In 1979 Hurricane David destroyed many homes alongside the river in the city of Santiago. Most of those people were relocated in what is now the town of Hato del Yaque.

Information 
 Area: 39.3 km2 /  15.17 mi2
 Population as 2002: 25,816
 Urban Population: 18,354
 Rural Population: 7,462
 Mayor: Gernaro A. Diaz

Subdivisions 
The municipal district of Hato del Yaque is subdivided into four Secciones (or Sectors, which are subdivided into Barrios (or Neighborhoods), and or rural villages.
Hato del Yaque is subdivided into:  
 Hato del Yaque
 Hato del Yaque Arriba
 Aciba
 Guayacanal

Neighborhoods 
The town of Hato del Yaque is Subdivided into the following neighborhoods.
 Monseñor Eliseo Pérez Sánchez
 Villa Progreso
 Urb. Dr.
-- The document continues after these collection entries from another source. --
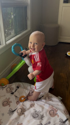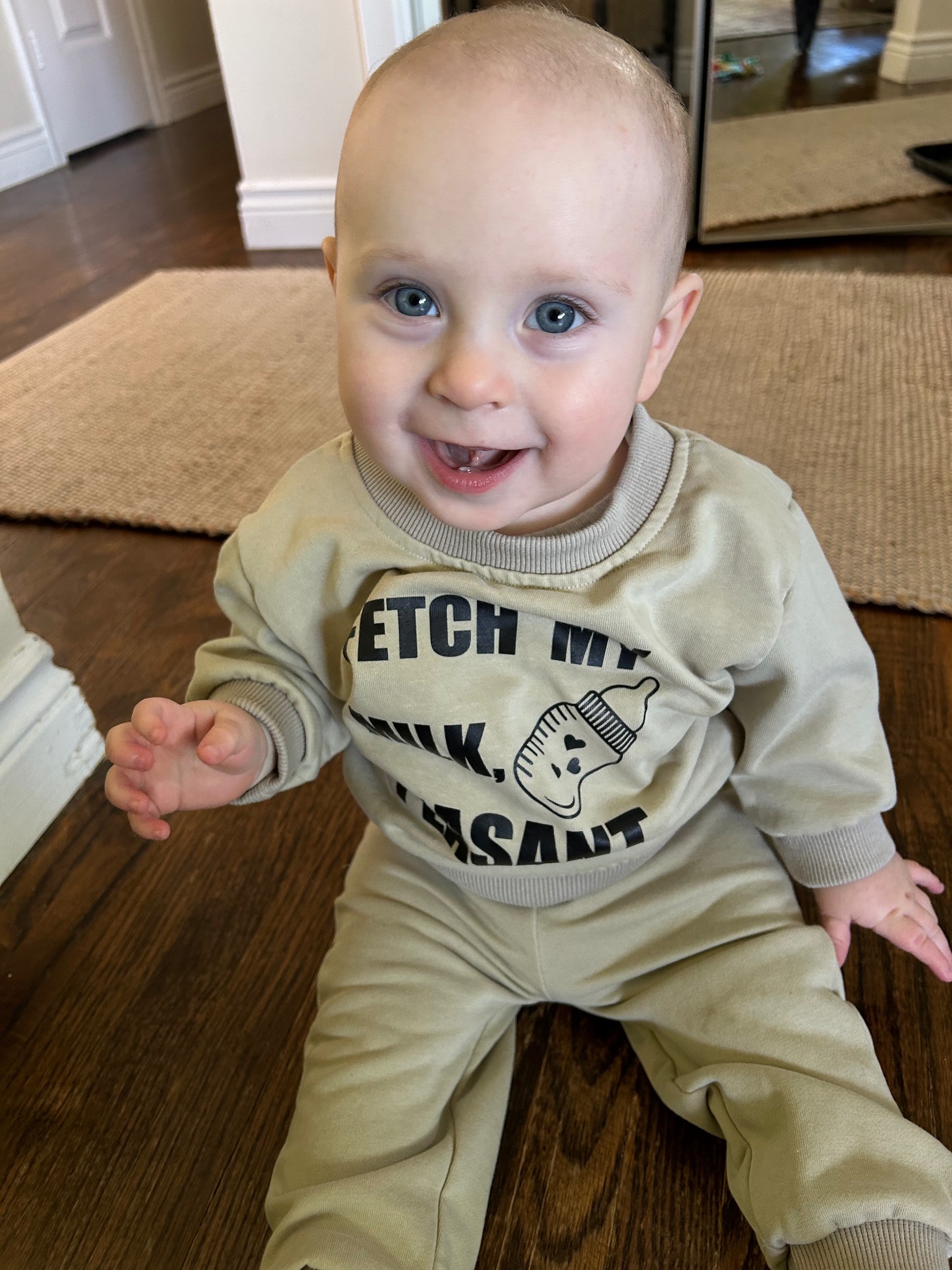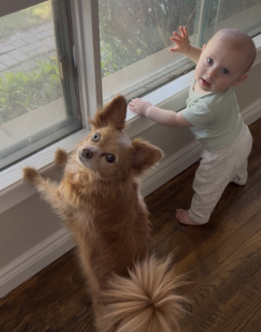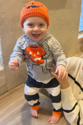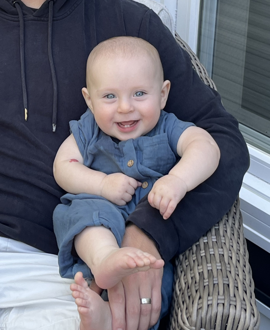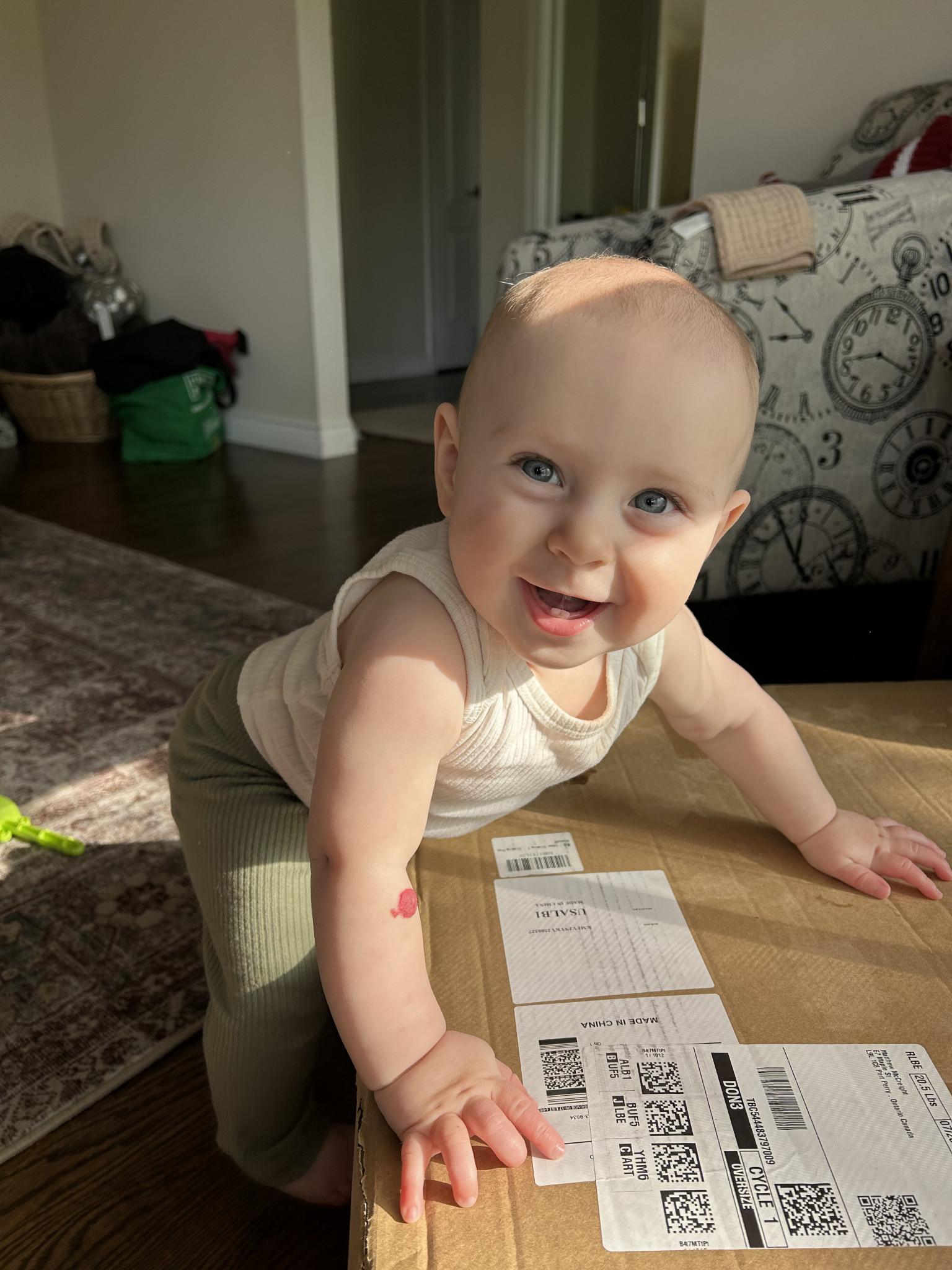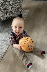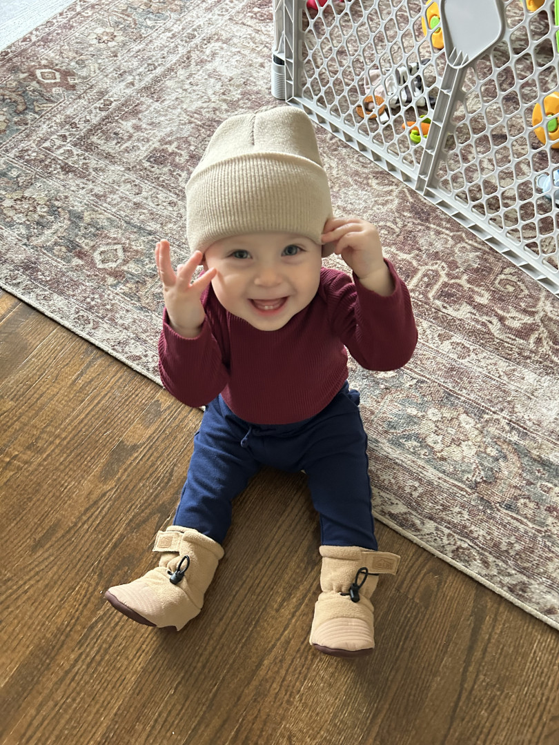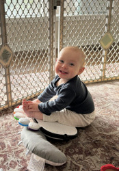 Cohen is pure joy! He’s always smiling and on the go! He’s curious about everything around him and rarely sits still, eager to explore every corner. His playful energy is endless and he lights up any room he’s in. He has a special love for our dog, Cali, and their bond is already so sweet. His bright spirit, big smile and unstoppable energy bring so much laughter and love to our home every single day.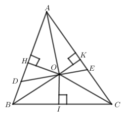 + Ba đường phân giác của một tam giác cùng đi qua một điểm. Điểm đó cách đều ba cạnh của tam giác đó.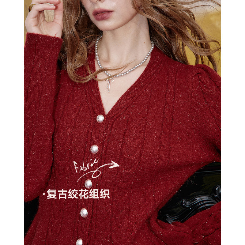 妖精的口袋复古绞花亮闪红色毛衣女2026年春秋款收腰显瘦气质上衣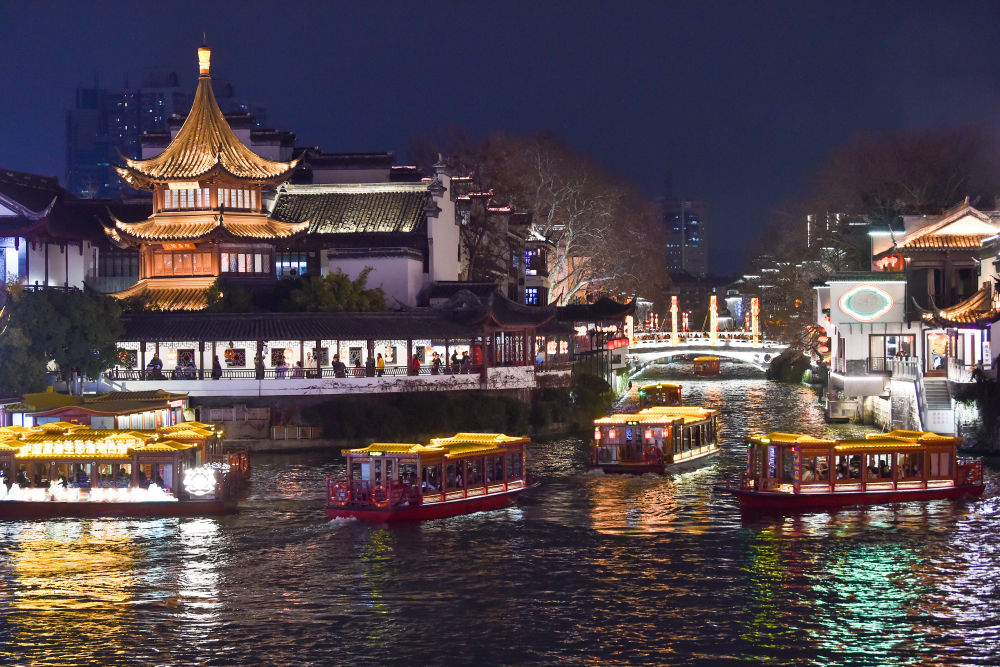 游客在江苏省南京市夫子庙景区乘船夜游秦淮河(2023年2月2日摄)。新华社发(方东旭摄)

Grullón
 La Mina
 Hermanas Mirabal
 El Tamarindo
 San Antonio
 La Paz
 Las Colinas
 Los Jiménez
 El Portón
 Los Letreros
 El Porton
 La Rinconada
 Barrio Balaguer
 Tres Pasitos
 Villa Fatima
 Los Guandules
 Villa Bao
 Brisas del Yaque
 Cerros del Yaque
 Praderas del Yaque

website:  Hatodelyaque.com

Populated places in Santiago Province (Dominican Republic)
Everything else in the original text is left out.